Once the activities have concluded, the respiratory therapist will send a text message to other therapy staff and nurse assistants, who help transport residents back to their rooms.

“You just have to be ready,” says Elvard. “We generate a schedule monthly, and we give one to activities, nursing has one, and we keep one in the respiratory office for staff. Everyone knows who goes out on this day, and we work together to make it happen.”

The Difference

Success can be measured in a number of ways, says Elvard. “It’s if you’re in the group that’s not showing any alertness, and eventually we see that you’re actually moving to the music that’s playing. It’s when we speak to you, you’re starting to track. It’s when we say something funny and you’re starting to smile, there’s definitely a change.

“We’re dealing with vent patients, and that’s a big deal,” says Elvard. “Many long term care centers do not have ventilator units.”

The sensory stimulation from the program is just one of many things that contribute to the patient’s success and eventual weaning, says Elvard.
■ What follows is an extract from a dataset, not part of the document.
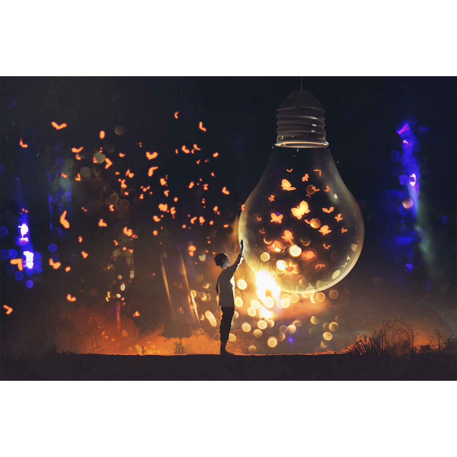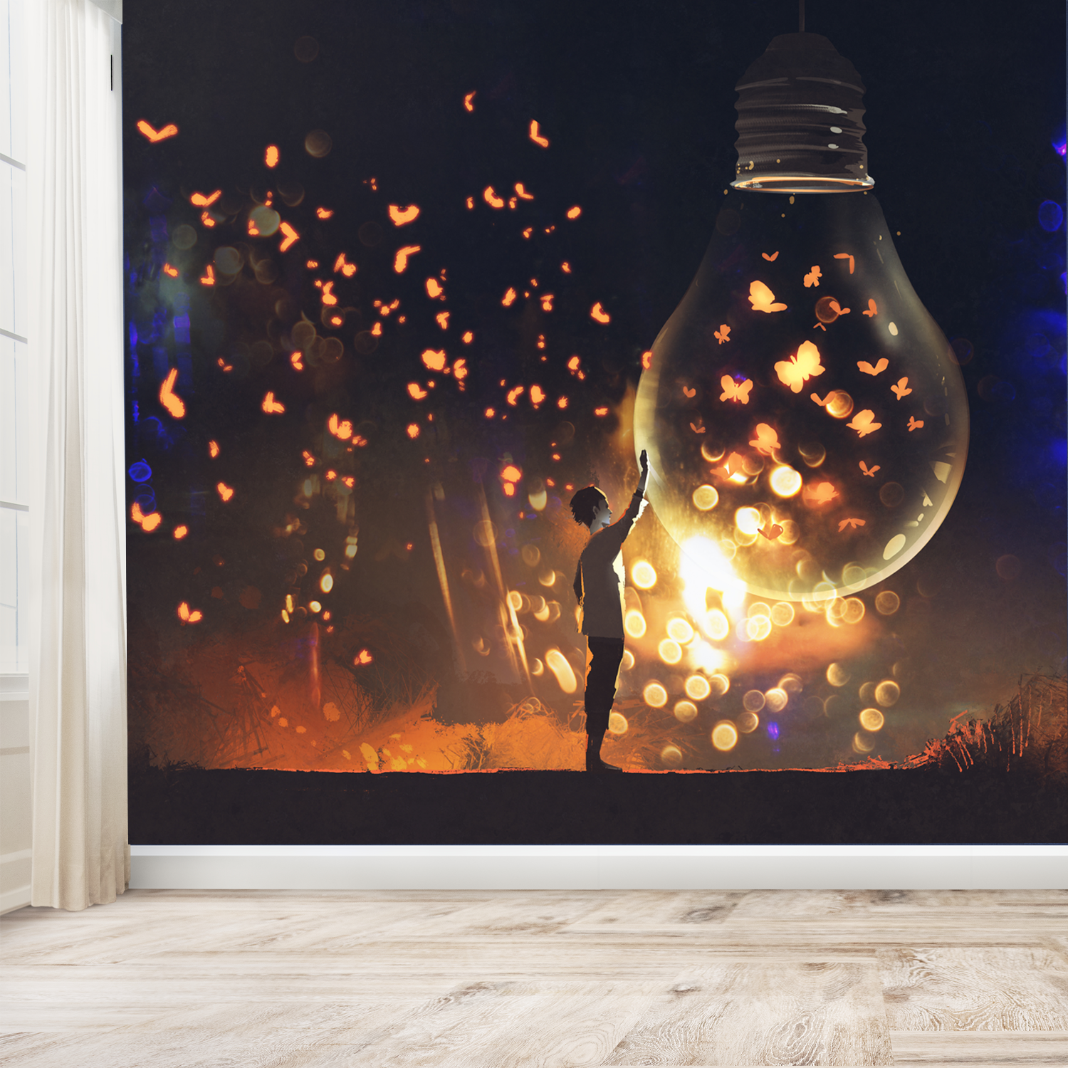 Man With Glowing Big Bulb Digitally Printed Wallpaper

Staff in other departments continue to reevaluate residents based on their evolving progress toward building endurance in their lungs.

“Can we give all the credit to activities?” says Elvard. “No. But it plays a major role—no ifs, ands, or buts about it—because you’re constantly stimulating these patients.”

Coming Back

Beadenkopf recalls a resident with a brain injury. After speaking with the resident’s sister, she found out the resident liked to listen to James Brown, so she started to play his music for her.

“Over time, I noticed her foot was moving when I played the song,” she says. As she became stronger, staff began to wean her off the ventilator.

“We saw she was starting to get better,” says Elvard. “A few minutes off the ventilator without having any issues, so she was getting stronger in that sense, and she was getting some type of rehab in the manipulation of her extremities.”

Eventually, the resident joined the larger group and was in a wheelchair, pushing herself down the hallway. She was eating food, and later, with the help of Elvard, she was able to attend the funeral of her sister.

“You have to believe in this program for it to work,” says Elvard. “We’ve had residents who were completely comatose, who are now playing Bingo and playing cards. Even though a resident may be comatose, they may still be able to hear, smell, and have a sense of touch. They’re with us.”